Read, whose large-scale piece titled “Library,” is a part of the latest exhibit, said on Sunday that she’s been making art for her entire life.
“My mother was an artist and she taught us early on to be creative,” said Read. “She was my biggest inspiration, though I have had many inspiring art teachers since. What inspires any of us to make art? It is a calling.”
She began exhibiting her work in the 1980s and her work has since been featured in Maine and beyond. Read considers herself a mixed-media artist and said she often uses found objects in her work, but also does paintings, collages, prints and sculptural pieces.
“Library,” which is 40 feet long and 7 1/2 feet tall, was made over the course of five years.
She said the title reflects her choice of materials, which heavily features book pages among other found objects, all arranged like a collage. She said each individual part of the exhibit is embedded with unique stories, much like a library.
“If there is a spiritual aspect to my work, it is because I think one’s spirit is very much on display in one’s art,” she said.
Matson is a part-time Episcopal priest and a full-time artist. His website describes his work as “Found Object Esoterica.”
“When I became a priest, my prayer was that I may also be an artist,” Matson said. “At the time, priest and artist seemed to stand at opposing poles. I have since come to believe that priest and artist fundamentally do the same thing: in either case, one stands on a threshold between the worlds.”
Many of his works are interactive, such as the Hieros Gamos (Sacred Marriage) which is made of two frames and two opposite shapes that come together as one when a handle is used to rotate the piece.
Wagley works in multiple forms of media, ranging from drawings, stitches, text, collage and assemblage. Her work has been featured in venues in Maine and New Hampshire since 2012, and she has also hosted two solo shows.
Wagley said she “got hooked on looking at and making pictures at age 6,” during her first trip to a museum. She was particularly inspired by Renaissance paintings, which she described as “both weird and wonderful.”
Her exhibit includes shadow boxes inspired by stories from the Bible, the lives of saints and Greek mythology, all stories that inspired her at a young age.
“In this work, I attempt to make sense of those stories – such as the Old Testament account of the plagues, which certainly resonate in these times,” she said. “In my work the shadow box serves as a rudimentary stage for telling and interpreting these stories, recalling the dioramas we used to make in elementary school.”
Katz said his work in the exhibit tells the story of the five Books of Moses in the Jewish Torah, ending with the death of Moses.
“These are stories that I grew up with, and that my children grew up with,” he said. “They’ve always been a part of my life.”
Katz said he recently lost his father, who worked as a mechanic, and found several items that wound up in the exhibit as he was going through his things.
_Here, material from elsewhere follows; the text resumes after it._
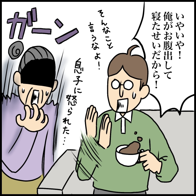 「いやいや、そんなこと言うなよ!俺がお腹出して寝たせいだから!」夫そう言うと、「息子に怒られた・・」義母は絶望的な表情を浮かべた後、

In his exhibit, items such as a trophy with a man extending his arm is parting the Red Sea and a toy pickup truck packed with blocks containing pictures of animals is the ark amid the great flood.
“There was, for me, on a very personal level, a nice connection between cleaning out my father’s workspace and being able to integrate a lot of his objects into the work of art as well,” he said.
The works were accompanied by an essay from Aaron Rosen, director of the Parsonage Gallery in Searsport. Rosen wrote that the show emphasizes Maine’s unique tradition of assemblage, and that showing the work of these four unique artists together could, in a certain light, be considered an act of assemblage.
“Despite such different spiritual journeys, the artists bring a similarly non-dogmatic, playful spirit to their works,” he wrote, “sparking numerous interreligious parallels and dialogues along the way. Whether tackling the prejudices of the canon, as Sally Wagley does, or delving into the overlapping acts of map and mythmaking, as Abbie Read does, the works in this exhibition invite responses as personal as the objects they bind together.”